The bipartisan bills — the latest in proposed anti-human trafficking measures — also would require proof that state Human Services workers have visited the foster homes they're assigned to and that the children were physically present at the time. The measures would also classify a foster child who has run away as a missing person.
"The point is to ensure that those with the greatest opportunity to become aware of human trafficking activities do not have a disincentive to report their suspicions," said Judy Emmons, chair of the Senate Families, Seniors and Human Services Committee. "Sadly, many times foster children go missing and no one is looking for them. This is because under current law they are not classified as a missing person."
Emmons, a Republican from Sheridan, and other sponsors of the bills are planning a statewide tour over the next several months.
In December, the Michigan House voted to give legal protection to teen prostitutes. That bill would require that when people under age 18 are charged with prostitution, it would be presumed they were coerced into it. They also would be subject to temporary protective custody, and police would have to immediately report a suspected human trafficking violation to state social workers.

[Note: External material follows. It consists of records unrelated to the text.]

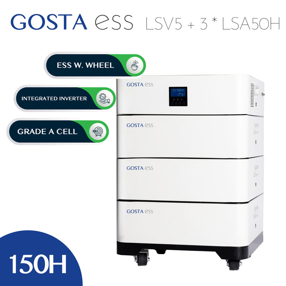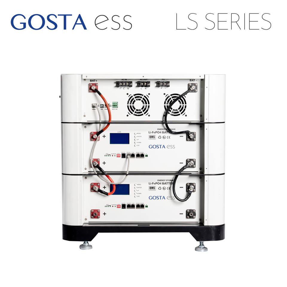 Inverter Fotovoltaico GOSTA LS50H X3 e LSV-5 da 5KW con Batteria ESS AIO da 48V 51.2V 100AH su Ruote a Ricarica Rapida e Batterie Impilabili
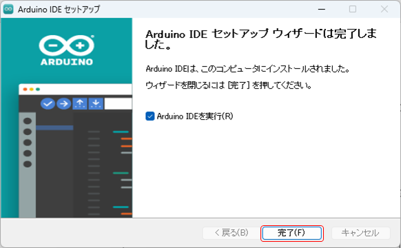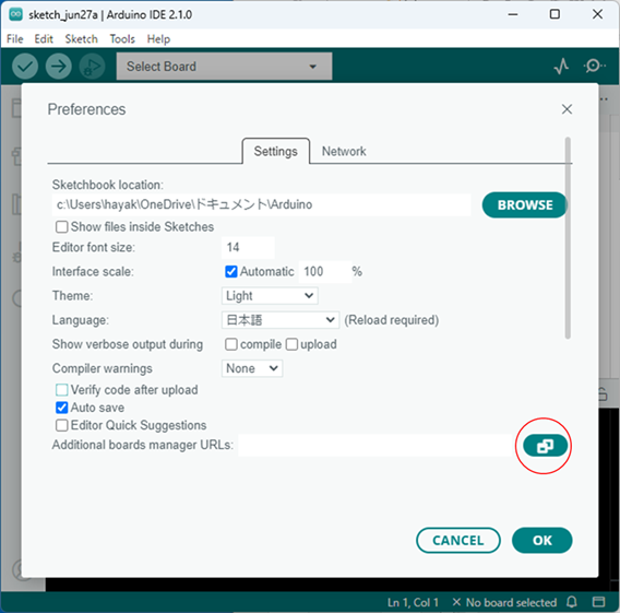 OKを押した後、一度、Arduino IDEを閉じて、再度起動します。
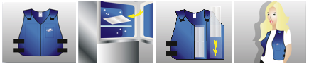 Ook kan het vest zelf ondergedompeld worden in koud water om een extra koelende werking te hebben (zie hiervoor de Hyperkewl producten). Activeringsinformatie.
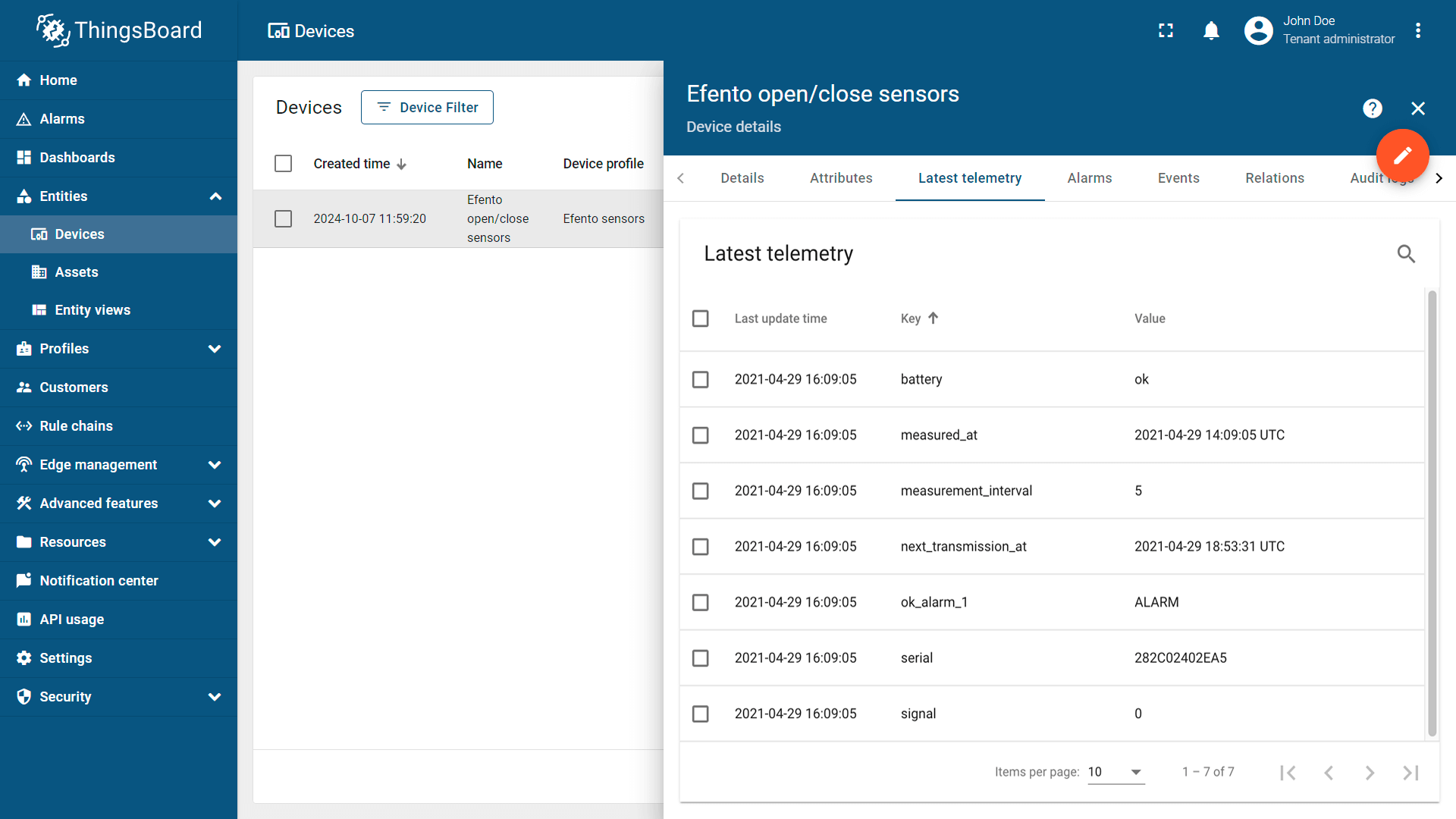 现在您可以轻松将Wireless open/close logger连接到ThingsBoard并开始发送数据。

That legislation is based on a recommendation from the state's first human trafficking commission to create a "safe harbor" provision for minors.
"When the commission was created our goal was to attack this horrible crime in the most aggressive and efficient manner possible," state Rep. Kurt Heise said Thursday in a release. "We are serious about attacking this problem, and we are committed to a victim-centered approach. This is about making Michigan safer and doing everything we can to save children and vulnerable adults."
Heise, a Republican from Plymouth, is chair of the House Criminal Justice Committee and co-chair of the Michigan Advisory Commission on Human Trafficking.